In 2017 Garden City had 5217 residents, making it the most populous shiakha in qism Qasr al-Nil.

| Shiakha | Code 2017 | Population |
|---|---|---|
| Gârdin Sitî (Garden City) | 011702 | 5217 |
| Ismâ`îliyya, al- (Ismaïlia) | 011701 | 1026 |
| Ma`rûf | 011704 | 3727 |
| Qaṣr al-Dûbâra | 011703 | 593 |

==History==
As the Nile's course shifted west away from medieval Cairo, the areas it left behind became swampy plains. During Mohammed Ali's reign in the first half of the 19th century, the area was reclaimed with the swamps filled in and the sandy mounds of Tal al-Akareb (Scorpions Hill) were transformed into orchards and bean fields.
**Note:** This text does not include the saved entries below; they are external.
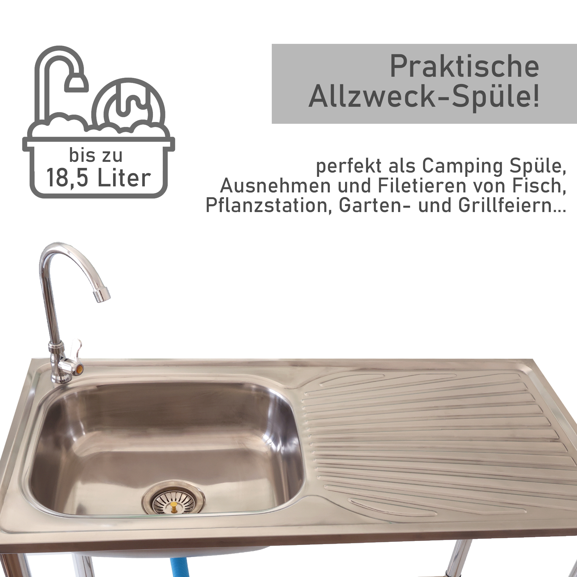 - ROBUST UND LANGLEBIG: Das Spülbecken besteht aus hochwertigem Edelstahl, der für seine Langlebigkeit und Korrosionsbeständigkeit bekannt ist. Dadurch ist die Outdoorspüle perfekt für den Einsatz im Freien oder bei Campingaktivitäten geeignet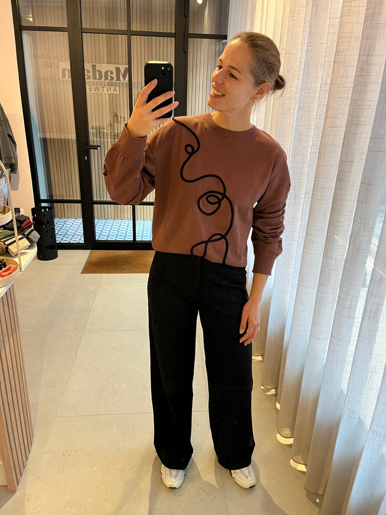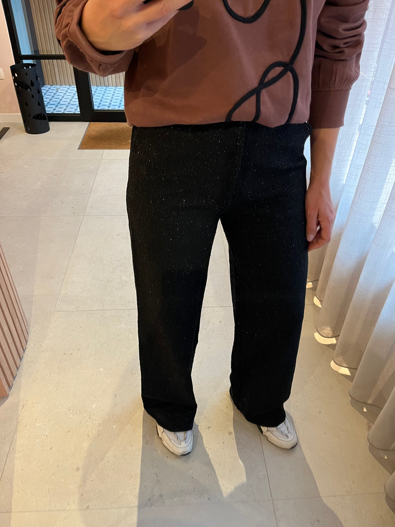 Losvallende broek met hoge taille en subtiele glitter in de stof. Sluiting met rits & knoop. Super leuk als set met top Eva :-)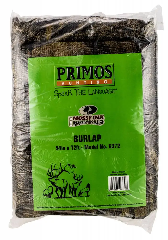 Primos' 12" x 54" Burlap bulk roll features a Mossy Oak Break Up.
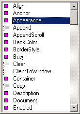 When you type an object name into code, you can automatically display a popup list of members that appears with that code. To automatically display the popup members list, select Options from the Tools menu to display the Options dialog, select the Text Editor tab, and then select the List Members checkbox. The Text Editor features are explained in more detail in Controlling Text Entry Options.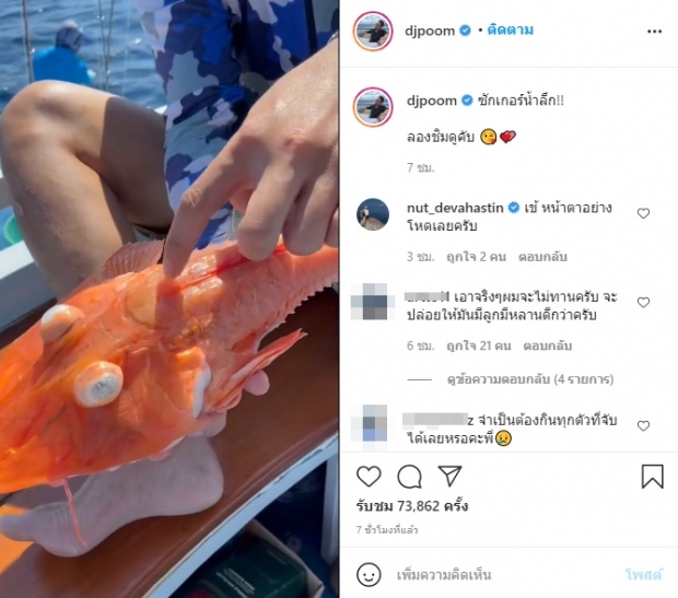อย่างล่าสุด เจ้าตัวโดนดราม่าอีกครั้ง หลังจากเผยคลิปขณะล่องเรือตกปลาทะเล ได้ปลาหลากหลายชนิด หนึ่งในนั้นคือ “ปลาซัคเกอร์” โดยเจ้าตัวได้โพสต์คลิปขณะจับขึ้นมาได้ จนกระทั่งนำปลาชนิดนี้มาทำอาหาร จัดใส่จาน ทานให้เห็นกันสดๆ พร้อมทั้งระบุข้อความว่า ….ซักเกอร์น้ำลึก!! ลองชิมดูคับ….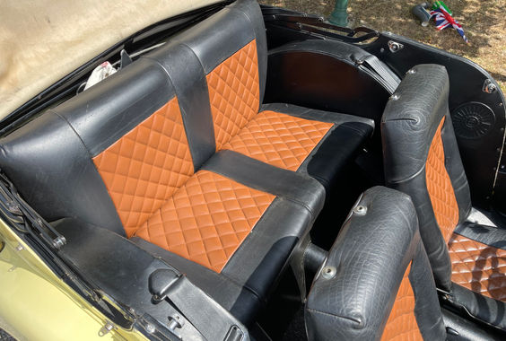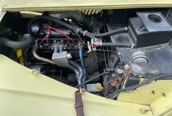 Tourer 4 places, motorisée par le Ford Kent 1600 GT. Mécanique sans défaut ni fuite, boîte 4 rapports verrouillant chaque rapport sans accroc. Châssis et trains roulants sains, sans corrosion. Peinture d'origine Primrose Yellow en très bel état, chromes comme neufs. Intérieur d'origine irréprochable, volant Moto-Lita. Complète : 4 side-screens, capote, tonneau-cover, malle de voyage. Deux concours d'élégance remportés.

Within decades they became royal domain land where a number of palaces were built overlooking the Nile: Kasr al-Dubara for Mohamed Ali's son Ibrahim Pasha, and Kasr al-Aaly (High Palace) for Khedive Ismail's mother.

== Description ==
Garden City, in addition to Zamalek, Maadi, Mohandessin, and Heliopolis, is one of the wealthy residential districts in Greater Cairo. Garden City was developed differently from most of the other neighborhoods and districts in Cairo. It was planned by private investors as opposed to the natural development of cities characterized by the disorganized migration of people. Its landscape, street layout, architecture, and general atmosphere can be explained by both the nature of its founders and Khedive Ismail's attempts to Europeanize Cairo. Garden City was a city strictly planned by private investors wishing to escape the period of national construction that took place until 1952. Its quiet, tree-lined streets, beautiful gardens, and elegant, ornamental palaces coupled with the proximity to the American and British embassies make it an attractive place for affluent Cairenes and tourists. Furthermore, the geography and landscape more closely resemble a lofty, European village. In line with the European feel of the district, Italian architect Beyerly designed the palace. Garden City was modeled after an English garden suburb meant to radiate tranquility and security. Its winding, leafy streets often intersect with each other multiple times and graceful palaces and lofty mansions line the streets next to modern banks and other professional buildings. From the 1880s to the early 1900s, Egyptians from the older neighborhoods flocked to the trendier, up-and-coming parts of the city including Garden City and during the British occupation of Egypt. After 1952, there was a movement in direct response to the period of nationalist construction that took place throughout Egypt. Its European architecture, breezy roads, palm-tree lined streets, and proximity to downtown were contributing factors for a perfect location for the professional elite, like doctors and lawyers, desiring a peaceful lifestyle that differed from many other parts of Cairo where they could still be in the scene (bordering downtown Cairo, Tahrir Square) but live more luxuriously.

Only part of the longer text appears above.